Note that grep only supports basic expressions, while egrep supports extensions. In fact, egrep is the alias of grep-E. Therefore, grep-E supports extended regular expressions.
So:
Woody @ xiaoc :~ /Tmp $ egrep-v
'^ $ | ^ #' Regular_express.txt
"Open Source" is a good mechanic to develop programs.
Apple is my favorite food.
Football game is not use feet only.
This dress doesn' t fit me.
....................
Here | represents the or relationship. It is a string that meets the conditions of ^ $ or ^.

Here are several extended special symbols:
+, Similar to. *, indicates one or more repeated characters.
?, Similar to. *, it indicates 0 or one character.
|, Or relationship. For example, 'gd | good | dog' indicates a string with gd, good, or dog.
() To combine part of the content into a unit group. For example, to search for gglad or good, You Can 'G (la | oo) D' like this'
() The advantage is that it can be used for groups +? .
For example, if you want to search for at least one (xyz) string at the beginning and end of A and C, you can: 'A (xyz) + C'
From: http://apps.hi.baidu.com/share/detail/34694903

Contact Us

The content source of this page is from Internet, which doesn't represent Alibaba Cloud's opinion; products and services mentioned on that page don't have any relationship with Alibaba Cloud. If the content of the page makes you feel confusing, please write us an email, we will handle the problem within 5 days after receiving your email.
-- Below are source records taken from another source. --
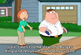 Lois, I don't come down to Burger King and tell you how to do your job.
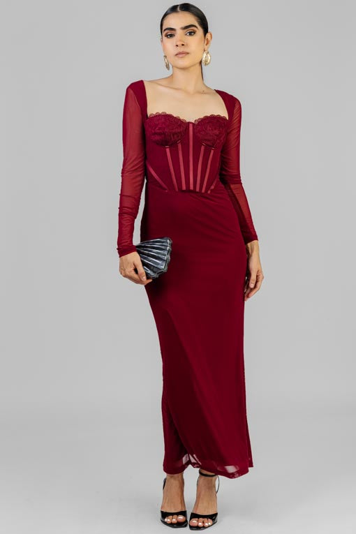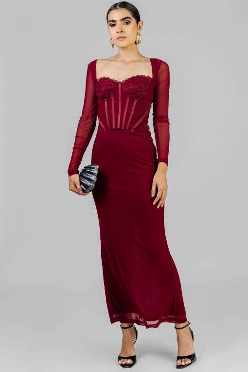 Vestido mesh manga larga, copas, cierre por la espalda, corte en cintura, falda recta abertura por la espalda
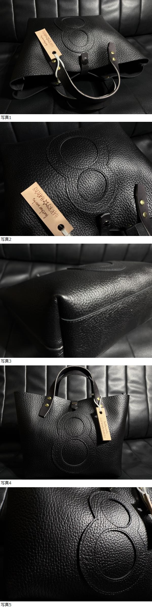 | ハンドメイド☆3☆漆黒ラギット!両面仕上げ厚革シュリンクミニトート☆8☆男女兼用☆持手:北米産ステア ミニサイズ☆裏地レス | |
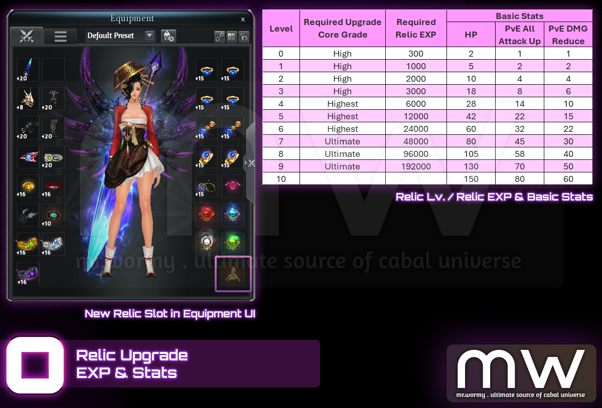 - Relic EXP & Basic Stats of Relic:
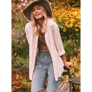 Fatface Linen Viscose Striped Button Up Tunic Billie Shirt
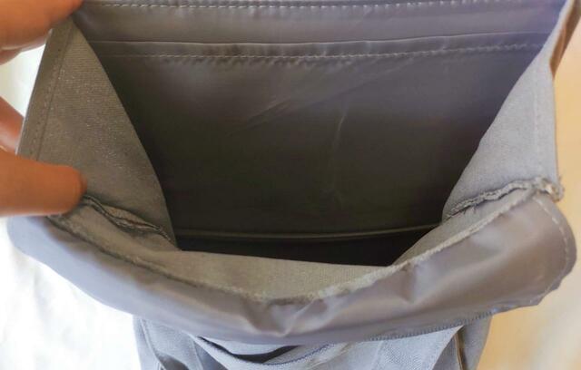 反対側の仕切りスペースには、仕切り部分の裏面に薄めのポケットつき。
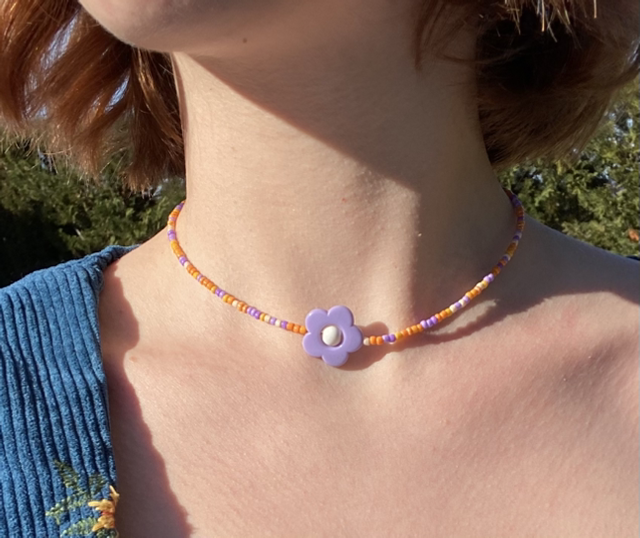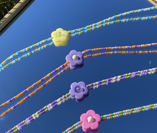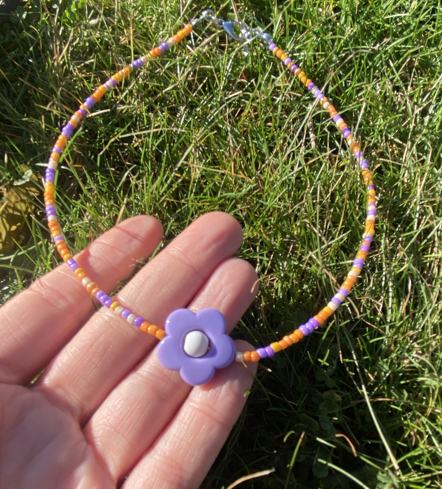 Ras-de-cou en acier inoxydable, orné de perles en rocaille de verre et d’une fleur en plastique. 💐
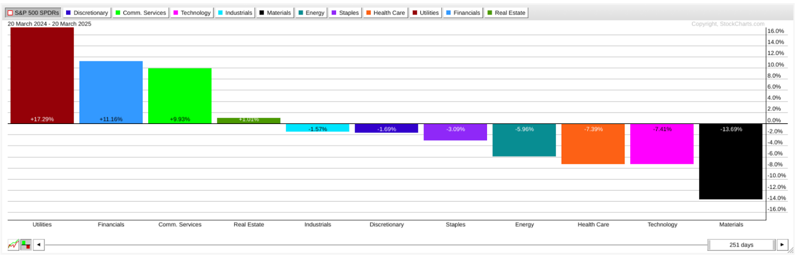 PerfCharts show that over the past year, Utilities, Financials, and Communications Services have led the market, while Materials, Technology, and Health Care have lagged. If you were looking to shift your portfolio toward greater sector diversification, this chart would prompt a few questions:
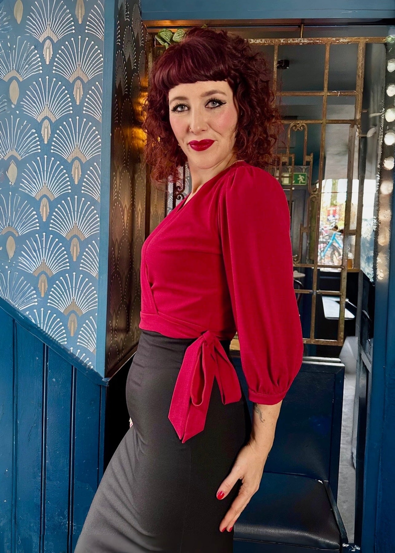 Feminin Röd omlottblus i klassisk vintage stil från Daisy Dapper
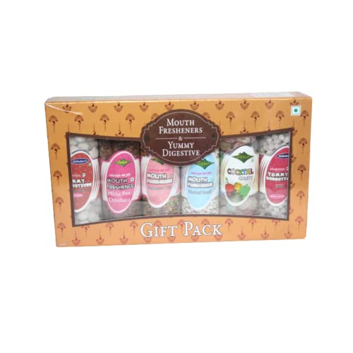 • In this gift pack - Anardana Goli 110 GM Jeera Goli Special 120g Mitha Pan Chhuhara 90 GM Satrangi Mukhwas 100 GM Madrasi Sonff 100 GM and Cocktail Candy 120 GM
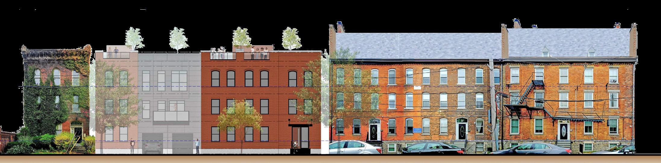 St Louis Place, is a quaint, tucked away street in the theatre district of Buffalo NY. Adjacent to the site, is a historic three-story brick building, which is historically significant. The Historic Preservation Board of Buffalo, required a detailed study of the horizontal lines and fenestration shape, size and configuration, so they could be applied to the massing, shape and configuration of the proposed new townhome project. Brownfield tax credits were used to fund the project.
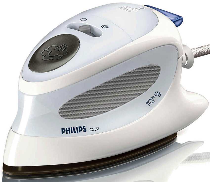 Philips GC 651. Отличается привлекательным дизайном и присутствием системы вертикального отпаривания, позволяющей утюжить одежду, которая висит на вешалке. Подошва характеризуется наличием антипригарного покрытия, а ручка выполнена из мягкого материала, обеспечивающего комфортное удержание в руке. Главный минус – отсутствие складной ручки. Цена – 1,7 тыс. рублей.
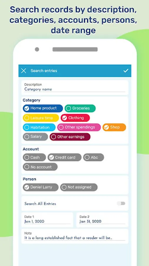 • Search your any entry by description, categories, accounts, persons, date range and notes.
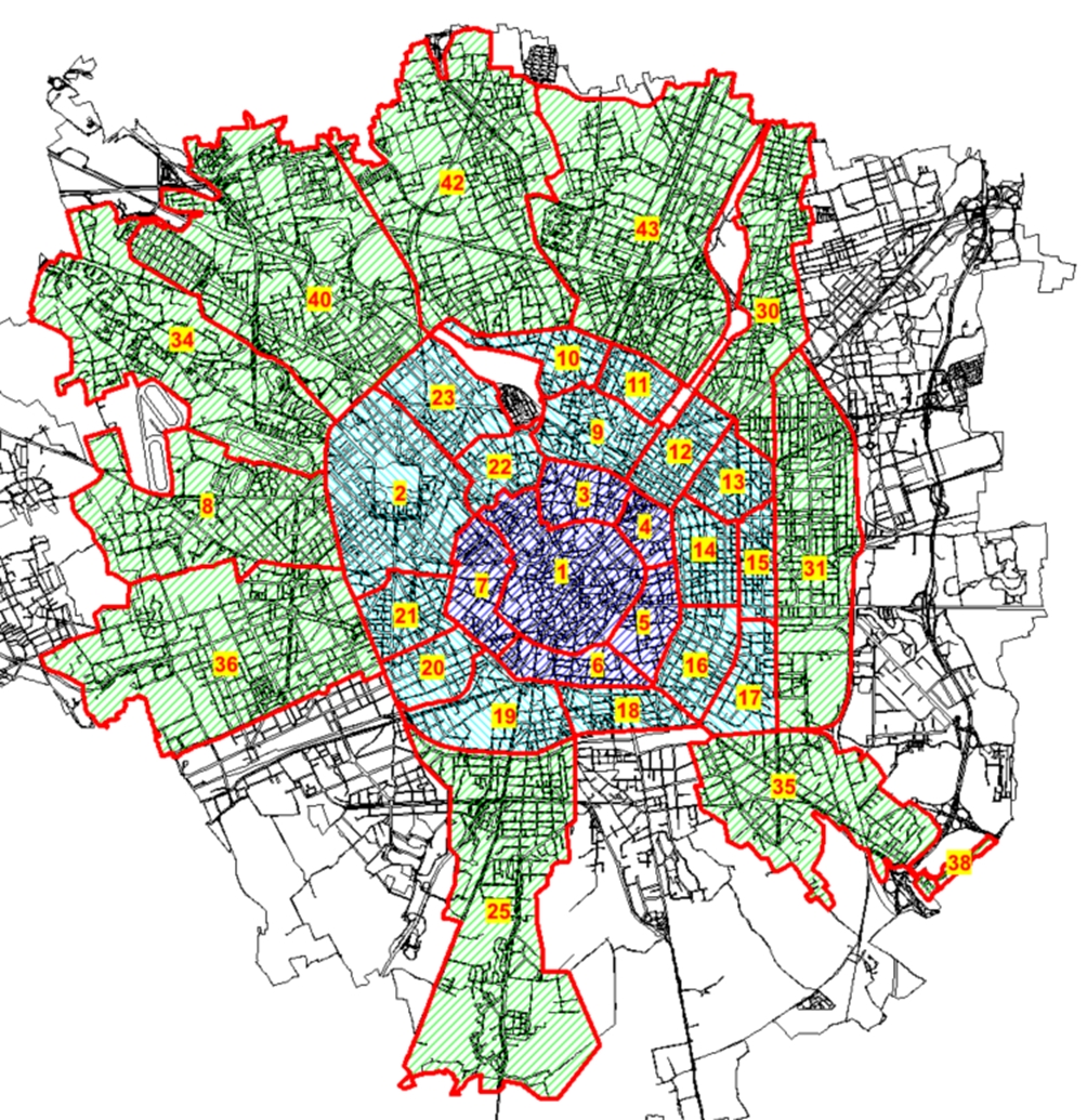 - Cerchia dei Bastioni – Area C (purple areas) – Areas 1, 3, 4, 5, 6, 7.

If you find any instances of plagiarism from the community, please send an email to: info-contact@alibabacloud.com and provide relevant evidence. A staff member will contact you within 5 working days.

A Free Trial That Lets You Build Big!

Start building with 50+ products and up to 12 months usage for Elastic Compute Service

  • Sales Support

    1 on 1 presale consultation

  • After-Sales Support

    24/7 Technical Support 6 Free Tickets per Quarter Faster Response

  • Alibaba Cloud offers highly flexible support services tailored to meet your exact needs.